What needs to be done>
Your answer should hold only the lines from the one containing "Map of the Bedouin community" through the last line below, copied exactly; pictures stay out.

Source material>

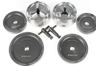
Optional Quick-Chuck Kit
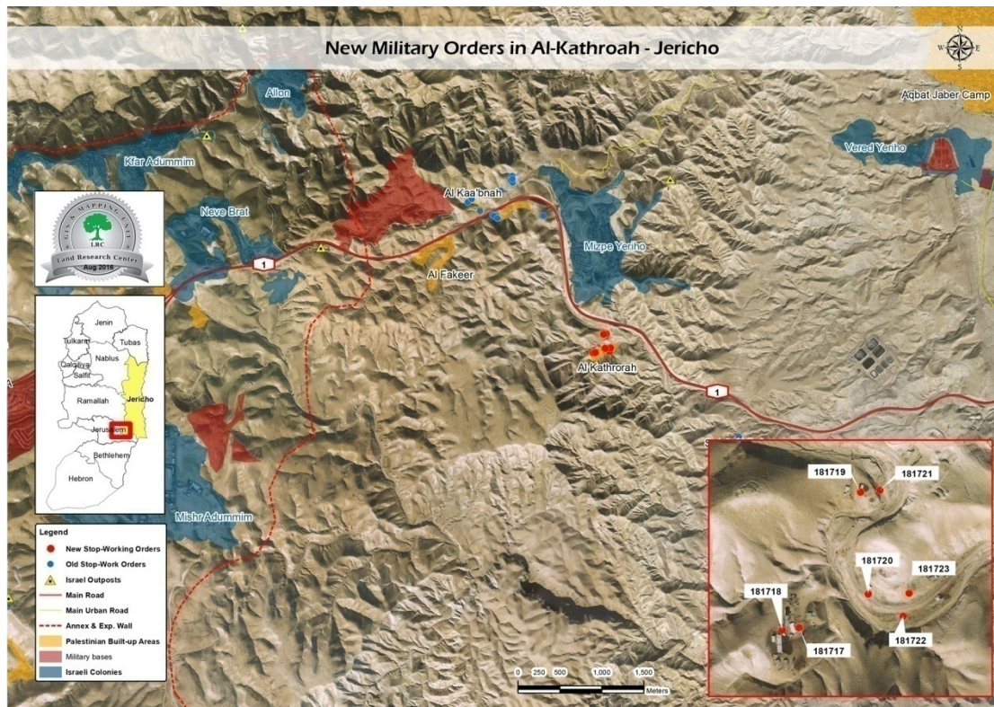
Map of the Bedouin community
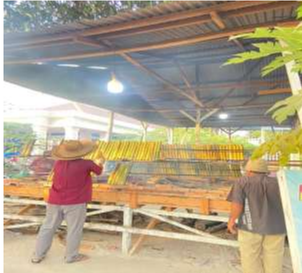
Figure 2. Traditional Lemang from Batu Bara

Response box>
Map of the Bedouin community
Figure 2. Traditional Lemang from Batu Bara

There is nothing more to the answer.